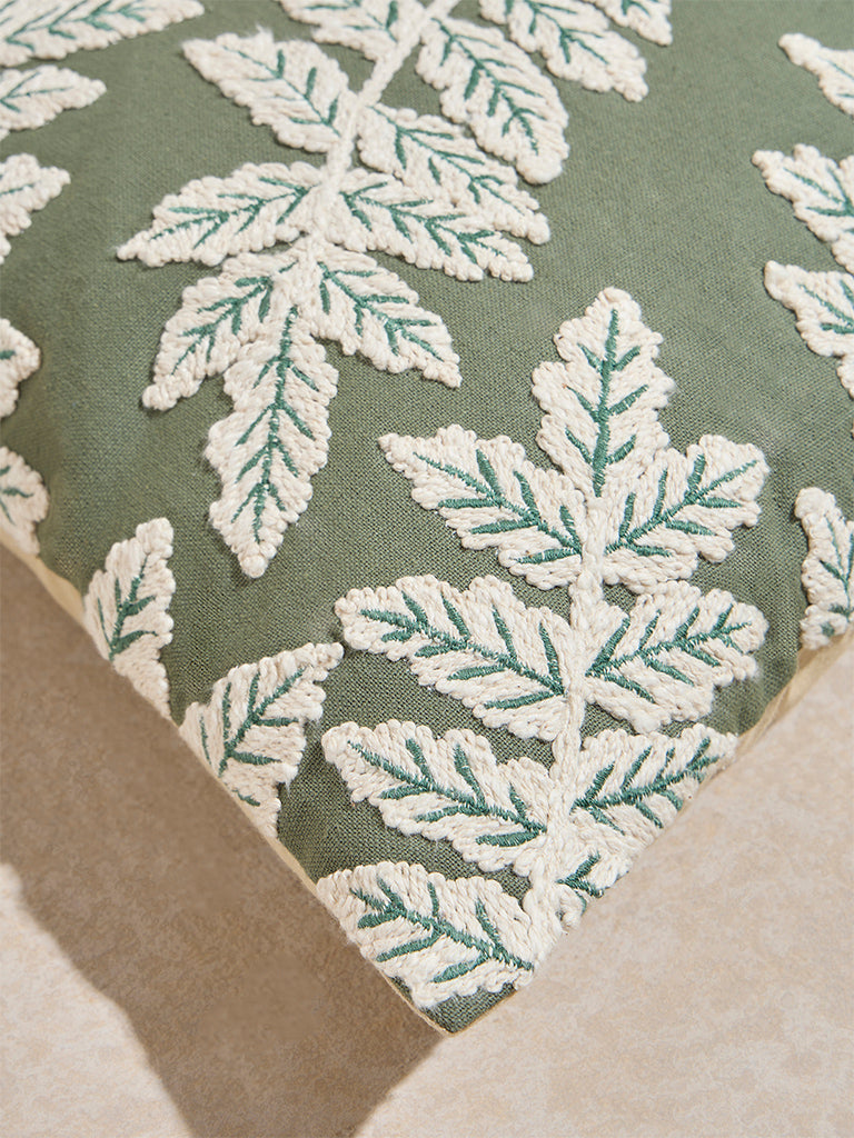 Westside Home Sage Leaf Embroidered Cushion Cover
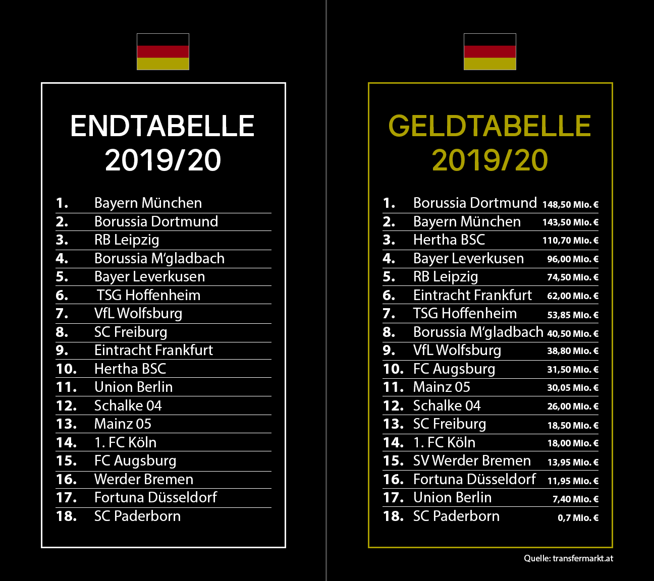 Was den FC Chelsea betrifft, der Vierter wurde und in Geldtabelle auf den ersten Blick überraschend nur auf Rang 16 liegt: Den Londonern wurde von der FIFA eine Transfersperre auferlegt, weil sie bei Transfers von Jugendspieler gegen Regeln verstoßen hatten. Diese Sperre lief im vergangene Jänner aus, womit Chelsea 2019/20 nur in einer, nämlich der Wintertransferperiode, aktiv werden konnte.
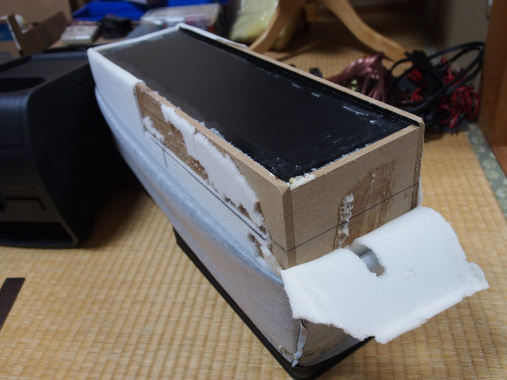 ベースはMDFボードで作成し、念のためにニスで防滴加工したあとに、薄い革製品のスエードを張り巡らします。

==

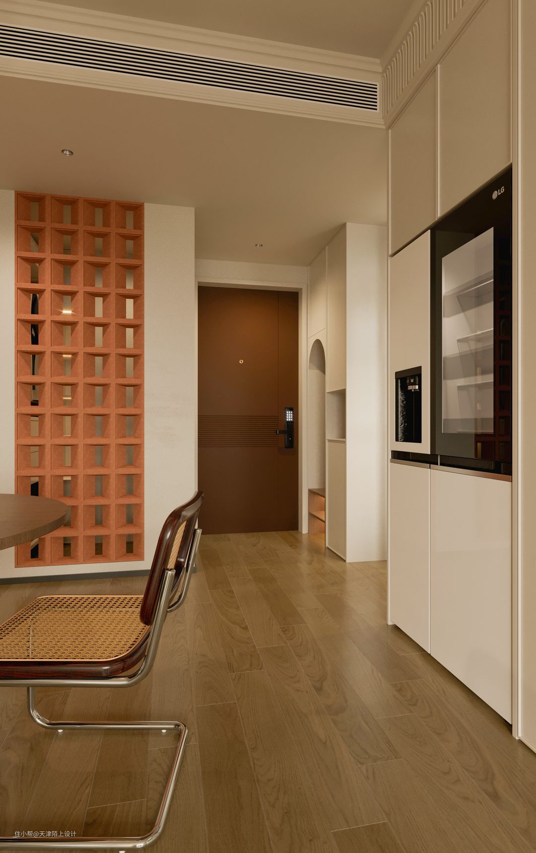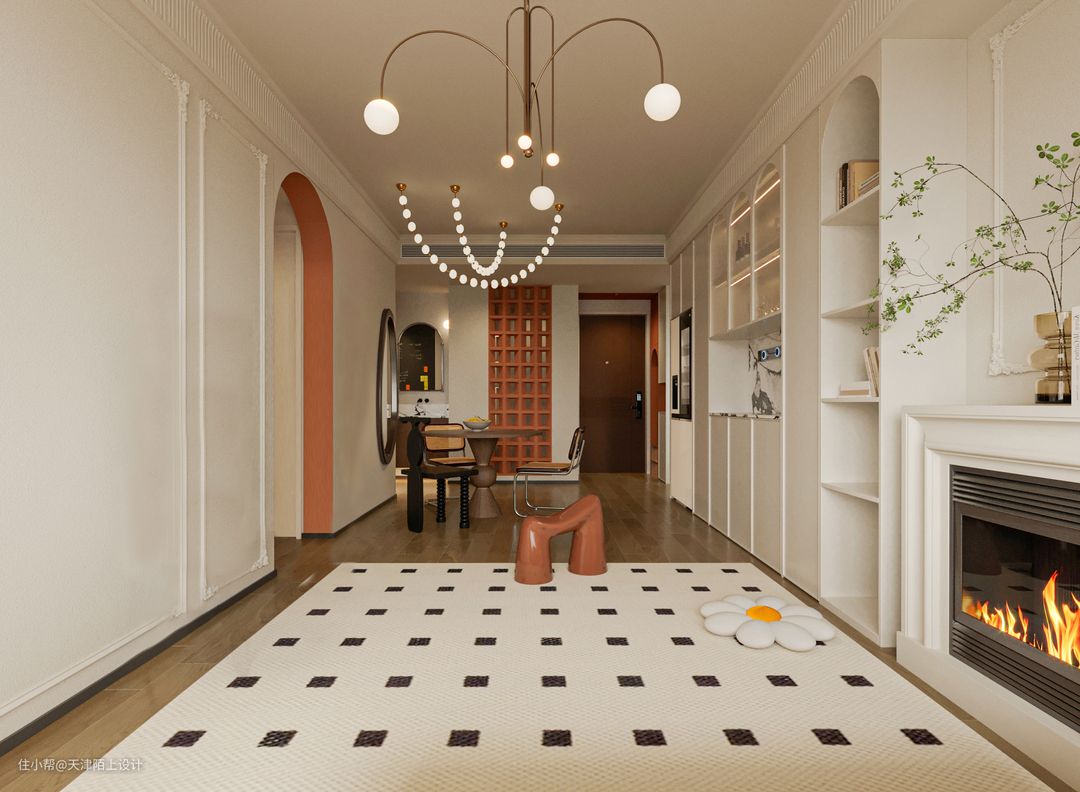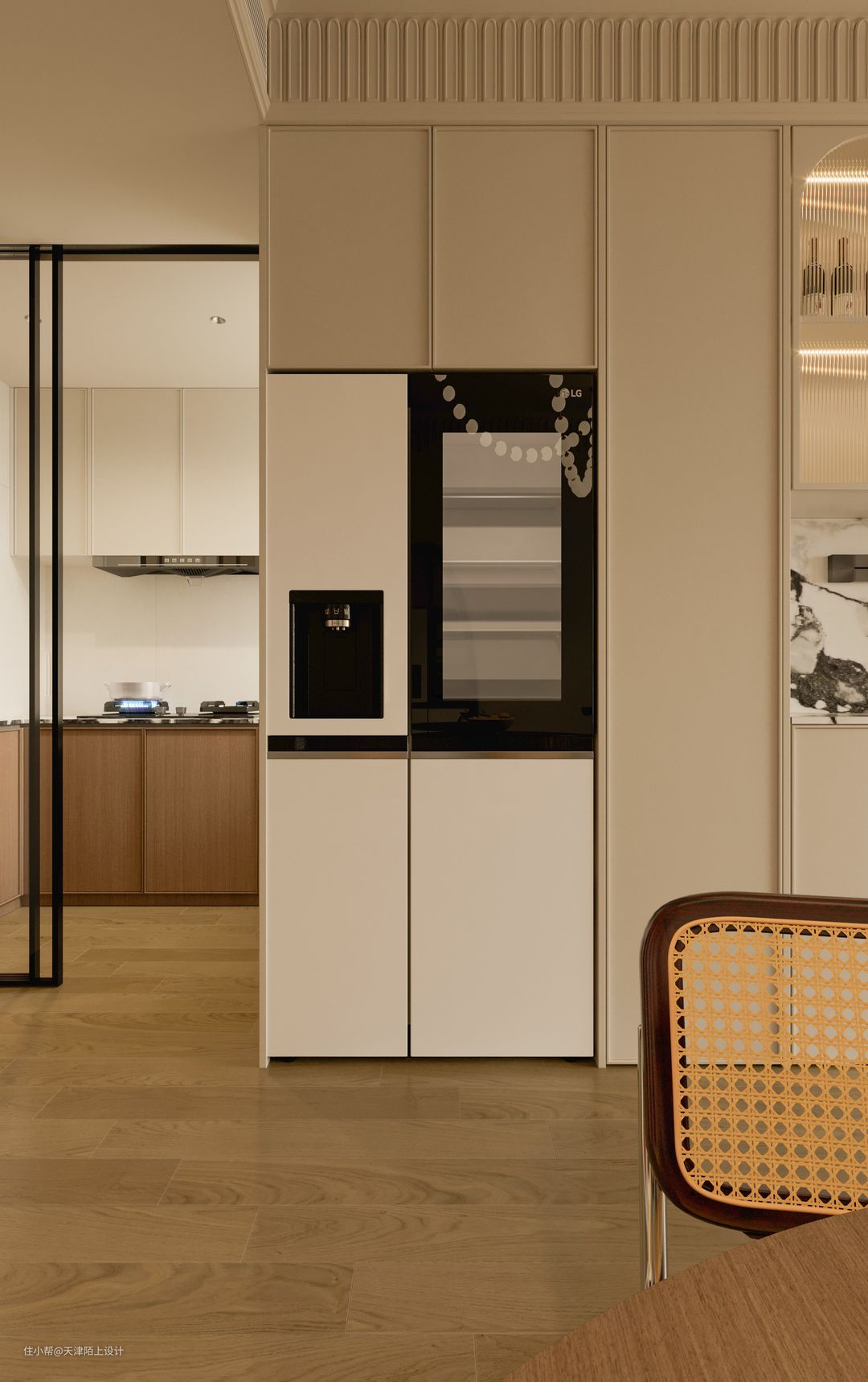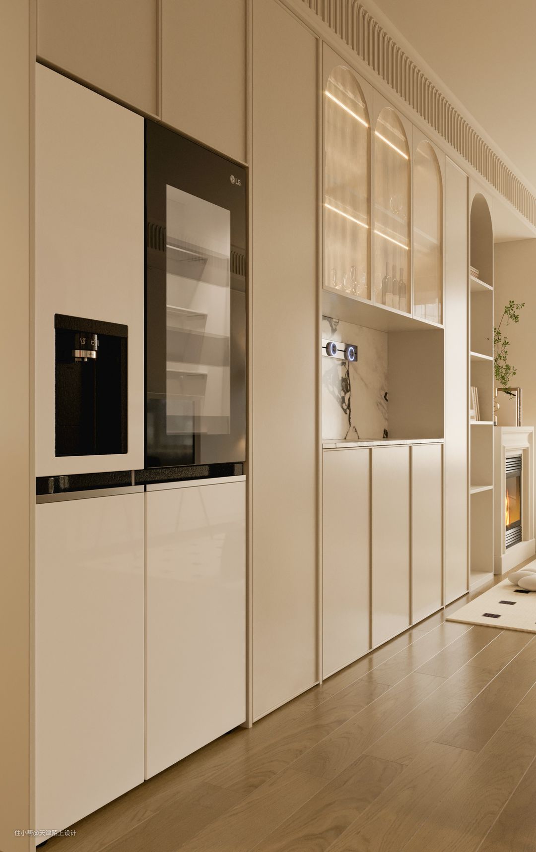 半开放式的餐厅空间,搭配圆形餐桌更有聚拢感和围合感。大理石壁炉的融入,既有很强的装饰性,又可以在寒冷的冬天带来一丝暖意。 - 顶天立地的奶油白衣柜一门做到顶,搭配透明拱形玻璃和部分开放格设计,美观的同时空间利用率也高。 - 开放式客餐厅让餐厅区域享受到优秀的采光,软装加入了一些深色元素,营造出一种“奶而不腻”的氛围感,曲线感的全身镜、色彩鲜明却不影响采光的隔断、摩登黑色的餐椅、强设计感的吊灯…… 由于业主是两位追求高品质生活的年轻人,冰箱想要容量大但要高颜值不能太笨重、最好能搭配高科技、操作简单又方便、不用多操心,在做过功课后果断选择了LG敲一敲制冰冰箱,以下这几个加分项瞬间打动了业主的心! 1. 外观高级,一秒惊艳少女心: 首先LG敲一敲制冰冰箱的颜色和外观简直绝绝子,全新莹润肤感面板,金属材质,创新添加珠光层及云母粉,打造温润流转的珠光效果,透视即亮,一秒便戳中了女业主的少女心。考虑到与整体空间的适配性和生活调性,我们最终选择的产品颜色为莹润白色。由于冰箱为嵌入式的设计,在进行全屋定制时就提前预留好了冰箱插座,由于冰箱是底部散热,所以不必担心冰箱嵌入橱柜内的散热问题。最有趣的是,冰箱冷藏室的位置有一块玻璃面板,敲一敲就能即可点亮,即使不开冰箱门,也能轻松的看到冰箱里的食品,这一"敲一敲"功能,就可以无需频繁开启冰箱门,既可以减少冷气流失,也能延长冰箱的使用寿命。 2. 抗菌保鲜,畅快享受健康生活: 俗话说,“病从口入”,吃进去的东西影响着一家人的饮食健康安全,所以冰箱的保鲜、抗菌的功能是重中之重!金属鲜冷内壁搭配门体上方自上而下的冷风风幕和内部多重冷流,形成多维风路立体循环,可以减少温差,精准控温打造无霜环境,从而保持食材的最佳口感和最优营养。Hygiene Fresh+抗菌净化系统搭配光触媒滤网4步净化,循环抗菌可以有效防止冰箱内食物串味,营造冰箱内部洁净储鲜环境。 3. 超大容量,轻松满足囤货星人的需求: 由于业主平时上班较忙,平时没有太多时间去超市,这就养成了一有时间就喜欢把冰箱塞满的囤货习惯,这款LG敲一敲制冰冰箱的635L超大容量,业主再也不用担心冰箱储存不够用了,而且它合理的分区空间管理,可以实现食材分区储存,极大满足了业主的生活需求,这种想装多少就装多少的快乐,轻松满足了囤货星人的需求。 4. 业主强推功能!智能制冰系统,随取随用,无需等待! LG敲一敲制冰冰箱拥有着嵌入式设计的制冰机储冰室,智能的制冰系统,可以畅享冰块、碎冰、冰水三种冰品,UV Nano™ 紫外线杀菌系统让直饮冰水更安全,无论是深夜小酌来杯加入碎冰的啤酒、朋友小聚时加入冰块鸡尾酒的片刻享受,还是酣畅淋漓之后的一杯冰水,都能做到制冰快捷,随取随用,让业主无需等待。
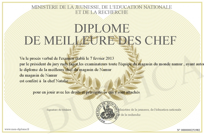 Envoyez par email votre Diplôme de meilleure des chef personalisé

PROBLEM: Go to the line above that contains "Was den FC Chelsea" and reproduce everything exactly from there through the line that contains "ベースはMDFボードで作成し", leaving out the pictures.

EXERCISE RESPONSE:
 Was den FC Chelsea betrifft, der Vierter wurde und in Geldtabelle auf den ersten Blick überraschend nur auf Rang 16 liegt: Den Londonern wurde von der FIFA eine Transfersperre auferlegt, weil sie bei Transfers von Jugendspieler gegen Regeln verstoßen hatten. Diese Sperre lief im vergangene Jänner aus, womit Chelsea 2019/20 nur in einer, nämlich der Wintertransferperiode, aktiv werden konnte.
 ベースはMDFボードで作成し、念のためにニスで防滴加工したあとに、薄い革製品のスエードを張り巡らします。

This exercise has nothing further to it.